The downing of Ukrainian Airlines Flight 752 by Iranian missiles killed all 176 people on board.

Akbari says in contrast with hard-liners, Rohani and his government have adopted a mea culpa approach, suggesting that Tehran’s attitude is different from the United States', which never formally apologized for the 1988 shoot-down.

"They have publicly apologized and believe their admission of guilt shows accountability and bravery," Akbari added.

Supreme Leader Ayatollah Ali Khamenei -- by contrast -- has called for national unity and defended the country's armed forces in the wake of angry protests over the tragic incident.

"The Iranian people love and want resistance to the world powers and no capitulation,” the 80-year-old leader said as he addressed Friday Prayers for the first time in eight years.

Khamenei accused Iran's enemies of using the plane crash to question the Islamic republic, the armed forces, including the elite Islamic Revolutionary Guards Corps (IRGC), which he said "maintained the security" of Iran.

The July 3, 1988, shoot-down of the Iran Air flight came during the waning days of the Iran-Iraq War and shocked the country, where painful images of the dead and their relatives mourning in agony were widely published in the media and are rebroadcast every year during commemorations.

The United States first denied any knowledge of the incident.

Later, the U.S. Navy said that the Iranian passenger plane -- an Airbus en route to Dubai from the Iranian port city of Bandar Abbas -- was incorrectly identified as an F-14 jet fighter and brought down with two surface-to-air missiles fired from the USS Vincennes, which had earlier exchanged fire with Iranian boats in the Persian Gulf.

The United States did express regret over the loss of life on the airliner while defending the judgment of USS Vincennes Captain William C. Rogers. The United States also blamed Tehran for allowing “a civilian aircraft loaded with passengers to proceed on a path over a warship engaged in battle.”

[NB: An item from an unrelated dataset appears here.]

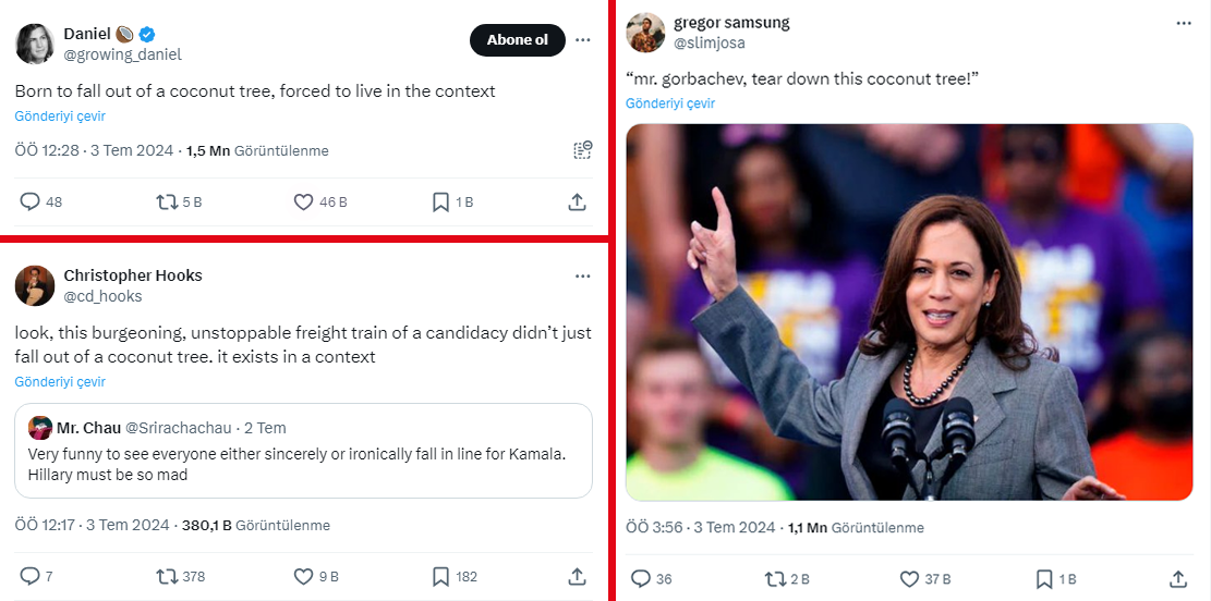Harris destekçileri sosyal medyada ‘hindistan cevizi ağacından düşmek’ konseptli paylaşımlarda bulunuyorlar. Bu paylaşımlar Joe Biden’ın Donald Trump’la gerçekleştirdiği başkanlık tartışmasındaki felaket performansından sonra yapılmaya başlandı. Destekçilerin bu akıma verdiği isim ise ‘Hindistan Cevizi Ağacı Harekatı’.

Captain Rogers was later awarded the Legion of Merit award, angering Iran and cementing Tehran’s belief that the attack was a warning that Washington was ready to openly side with Iraq in the devastating eight-year-long war.

“If it was a mistake, then why did you give him a medal? If it was a mistake, you should have punished him. Therefore, you are lying,” Iranian parliament speaker Ali Larijani said last year while marking the 31st anniversary of the tragedy.

A report by an international panel of aviation experts published several months after the 1988 tragedy concluded that a series of mistakes by the U.S. Navy had contributed to the shooting down of the Iranian aircraft.

The United States later paid the families of the victims tens of millions of dollars after Tehran filed a complaint with the International Court of Justice.